The (almost) back-to-back controversies of the fall of Kabul to the Taliban last month, and the emergence of the AUKUS arrangement, have had a profound impact on the foreign policy calculations of European states. But the latter, in particular, has major implications for EU security and defence as well.


The creation of the AUKUS security partnership between Australia, the UK and the US is part of the broader trend in American security posture that has been apparent since the Obama Administration. The US pivot to the Asia Pacific – now more frequently styled as a focus on the Indo-Pacific – has taken on an extra impetus under President Biden.
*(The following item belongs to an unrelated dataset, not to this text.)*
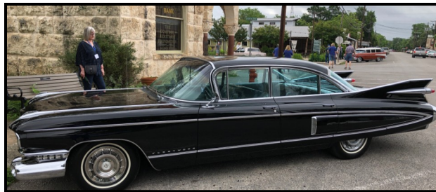
And quite a few "sharp" cars!
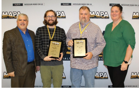
1st Place - Superior Bowen Runway 18-36 • Clay County

The creation of AUKUS would, however, have been no less significant even if it had not resulted in the very public diplomatic spat between France and the AUKUS partners, caused by the cancellation of Australia’s procurement of French submarines.


AUKUS, as an alliance founded on military-industrial cooperation to improve joint capabilities in areas such as cyber, artificial intelligence and quantum capabilities (as well as the cooperation to allow Australia to acquire nuclear-powered submarines), is predicated on the idea that integrated collective action is needed to maintain a technological edge over future adversaries.
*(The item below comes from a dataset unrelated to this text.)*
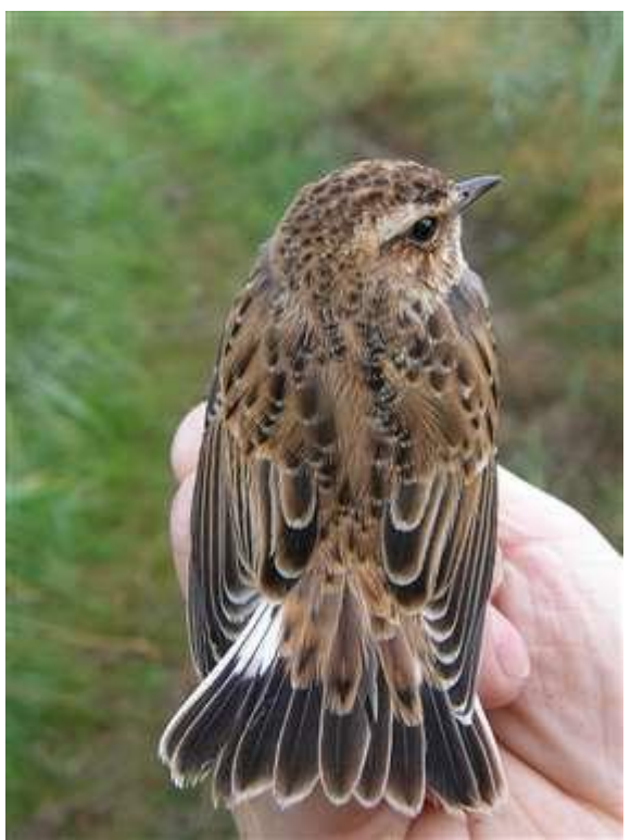
1<sup>st</sup> yr Whinchat, 22<sup>nd</sup> Aug
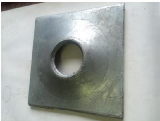
Square Indent Washer

The undeclared adversary for which AUKUS has been founded is China.


AUKUS shares similarities with elements of the EU’s own ambitions for strategic autonomy, in its concern with maintaining a European capacity in key industrial sectors and in cutting-edge dual-use technologies.
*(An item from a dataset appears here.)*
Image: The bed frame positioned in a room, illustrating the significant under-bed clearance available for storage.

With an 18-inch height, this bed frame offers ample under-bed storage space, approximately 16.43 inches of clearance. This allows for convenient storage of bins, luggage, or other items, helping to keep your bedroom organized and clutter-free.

Furthermore, the EU’s approach includes a defence component that would allow for military action independent of the United States – an increased focus on this was given impetus by the Trump Administration’s cagey approach to European collective security through NATO.

This was heightened, more recently, by the US decision to withdraw from Afghanistan, and the attendant implications for European states (including the inability for the EU member states to act collectively to evacuate their own nationals and Afghan civilians from Kabul).

Following Brexit, France’s role in the future of EU defence has been strengthened, as the UK had previously provided weight to the group of EU member states which had adopted a more circumspect approach to developing collective defence capabilities. Since 2016 a raft of new EU defence initiatives, such as PESCO, CARD and the EDFhave provided a framework for injecting more momentum into collective defence capabilities.


The current process of defining what kind of security and defence actor the EU wants to be will come to a head with the definition of a Strategic Compass intended for adoption in March 2022. Extra momentum behind its implementation is likely to come as France will hold the EU’s rotating Presidency for the first half of next year.


The aggrieved reactions to AUKUS, echoing the sentiments of the French government, from EU leaders – such as the President of the European Commission and the EU HR/VP for foreign and security policy – suggest support for even greater impetus for European strategic autonomy in Brussels.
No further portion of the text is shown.